We first looked at the distance between adjacent mutations. Different types of mutations were checked separately. For the tAI-up, tAI-down, synonymous, nonsynonymous, and nonsense mutations, it is obvious that nonsense mutations have the greatest distance with each other since each gene has one nonsense mutations at most within an individual (Fig. 3a). The synonymous and nonsynonymous mutations have a median distance less than 100 bp. For the isoaccepting and non-isoaccepting mutations in different context, we found that the non-isoaccepting mutations in isoaccepting context have the greatest distance with each other (Fig. 3b), presumably due to the limited number of this kind of mutations.

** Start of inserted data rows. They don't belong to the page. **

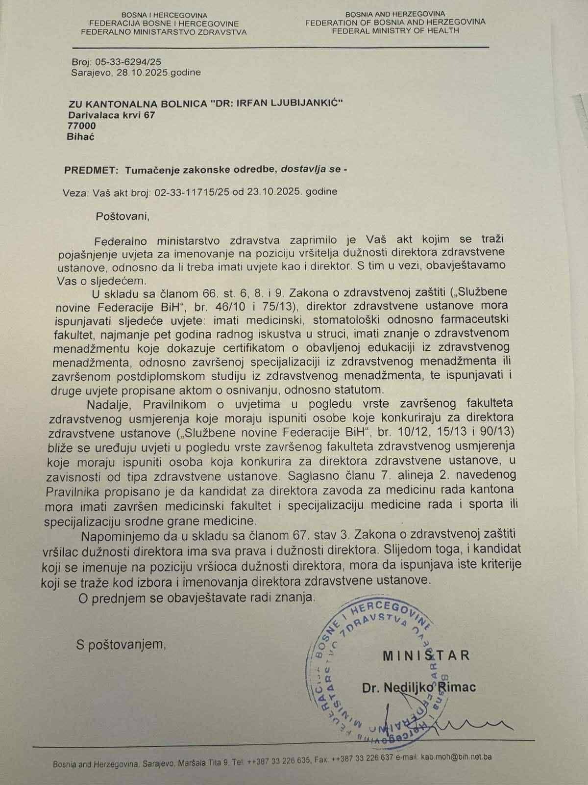 Iako je federalni ministar zdravstva ranije jasno upozorio da privremeni direktor mora ispunjavati zakonske uslove, Upravni odbor je odlučio postupiti suprotno propisima.
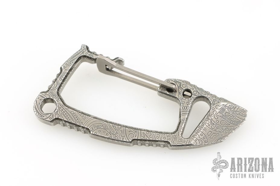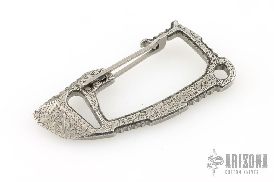 This Halo Carabiner from Ti2 Design and Vox Knives is crafted from tumble finished steel. Marked "Bond-Vox" on carabiner. Has been laser engraved. Excellent condition.
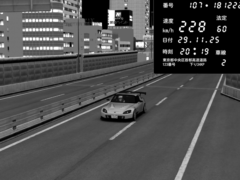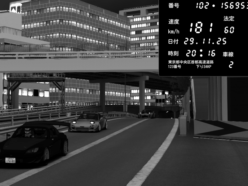 | 2025/11/29 20:20 | C1外回り 新富町 | 189 / 60 km/h | ゴストレイ | Honda S2000 (AP2 - Legendary) | CAPTURE |
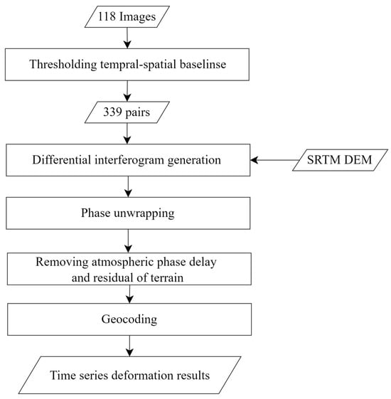 We then utilize Singular Value Decomposition (SVD) to solve the least-squares solution [54] and derive the azimuthal phase averaging rate. Multiple SAR images of the same region acquired at different time intervals and with minor geometric differences are analyzed to produce differential interferograms, which enable the detection of temporal variations of ground displacement in the LOS direction. The data processing flowchart of SBAS-InSAR is shown in Figure 3.
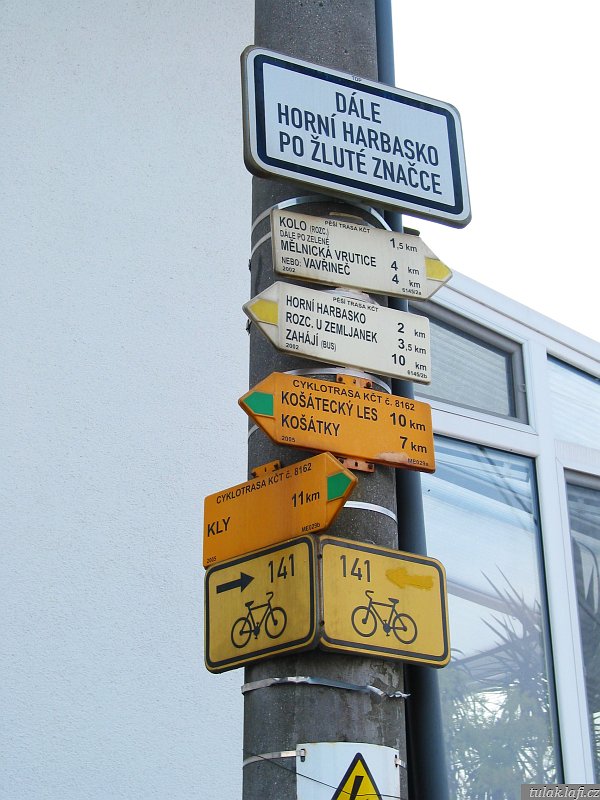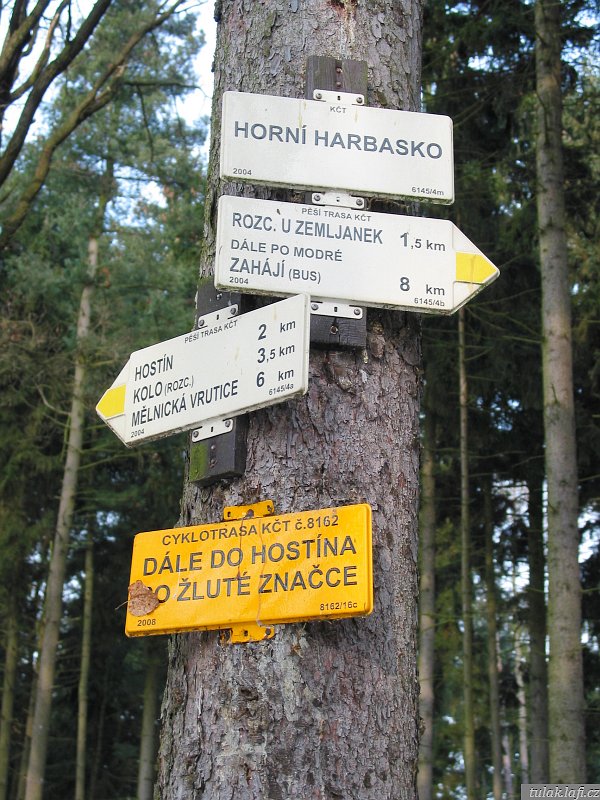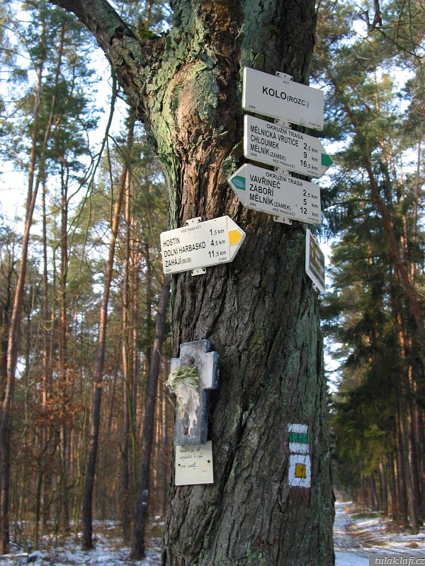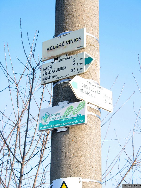 Na rozcestí odbočuju na žlutou do Hostína. Ten přecházím a pokračuju k rozcestí s názvem Kolo. Je čas na další čajovou pauzu. Začínají mě bolet nohy. Pěkně jsi zpohodlněl, říkám si. Od Kola už cestu znám, bloudění nehrozí. Na kraji lesa si pro jistotu protahuju nohy. Mé další kroky vedou přes obec Vavřineč a dál po Skuhrovickém hřbetu. Když vyjdu z lesíka, vidím známé panorama. Kousek pode mnou čadí chemička Spolana Neratovice a o devadesát stupňů vpravo zahlédnu Mělník. Nechce se mi chodit dolů do Záboří a potom zase nahoru. Pokračuju proto cestou kolem lesa přímo k Mělníku. Ve Vinicích zjišťuju, jak mám starou mapu. Turisti posunuli zelenou (turistickou) jednu cestu výš. V otevřené krajině pěkně fouká. Nasazuji kapuci a nakonec i rukavice. Dokonce se chvílemi objevuje i slunce. To je sice hezké, ale jak zasvítí na cestu, která je na jižní stráni, stane se z ní jedno blátiště. Posledních doslova pár kilometrů je výživných.
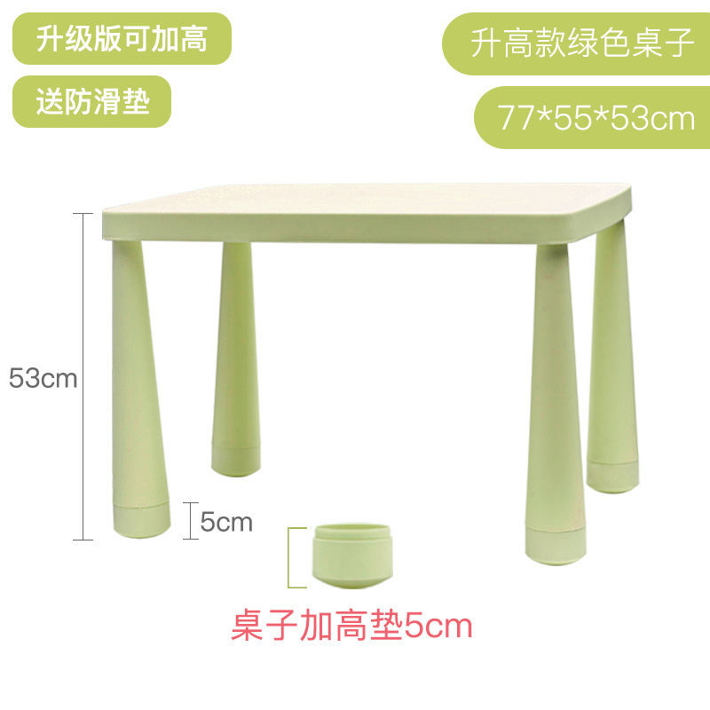 • 녹색 테이블은 들어 올리고 내릴 수 있으며, 녹색 의자에는 미끄럼 방지 스티커가 함께 제공됩니다.
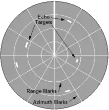 Bearing to the target is indicated by the target's angular position in relation to an imaginary line extending vertically from the sweep origin to the top of the scope. The top of the scope is either true north (when the indicator is operated in the true bearing mode) or ship's heading (when the indicator is operated in the relative bearing mode).
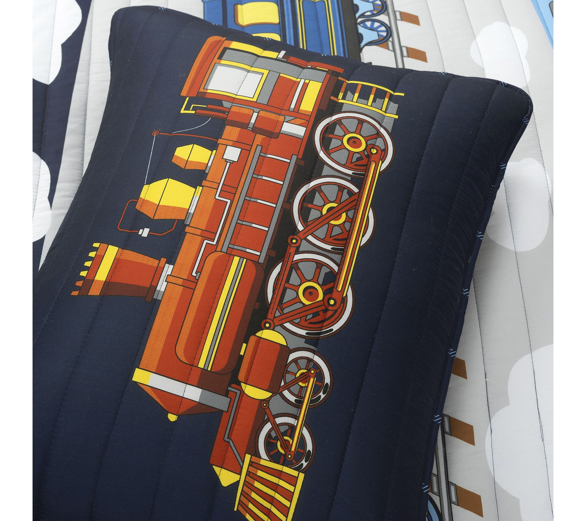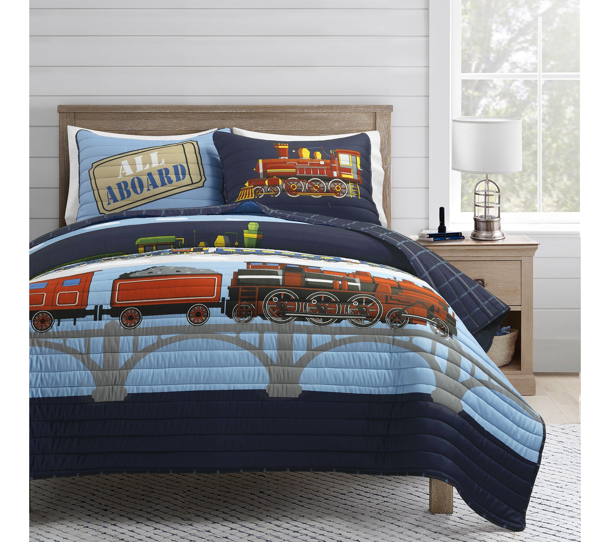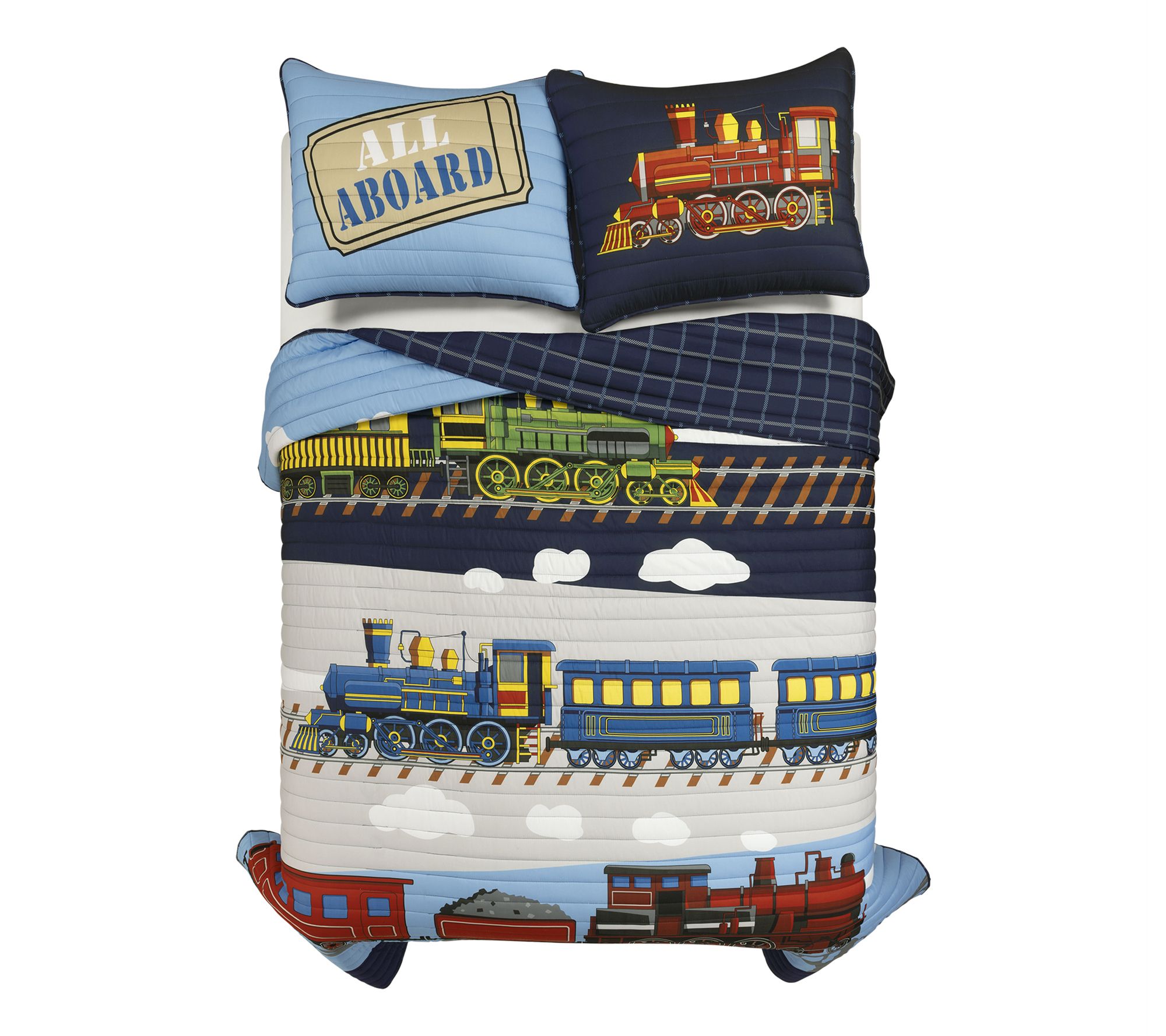 Chug ahead with the colorful Lush Decor Steam Trains Quilt Set! Your child will love the three vintage trains chugging along the tracks, paired with a reversible dark blue grid pattern for versatile styling. Perfect for any season, this lightweight set will keep your child comfortable while inspiring creativity and imagination. From Lush Decor.

Next, we should compare the patterns observed in Figs. 1 and 2 by controlling for distance. However, different types of mutations have very different distributions in the genome, making it difficult to exert a certain cutoff to control for distance. Therefore, we regarded each gene as a unit and select one mutation per gene. We believe that this option would significantly reduce the effect of LD. For each type of mutation, the one at the most 5′ end of each gene was selected. The average distance between the “mutations per gene” was 91.0 Kb (the 5% and 95% quantile was 3.4 Kb ~ 156.2 Kb). Under such a great distance, the LD should vanish rapidly. We found that the patterns observed for tAI (Fig. 3c) and isoaccepting context (Fig. 3d) still existed after control for distance. Therefore, our conclusion is robust.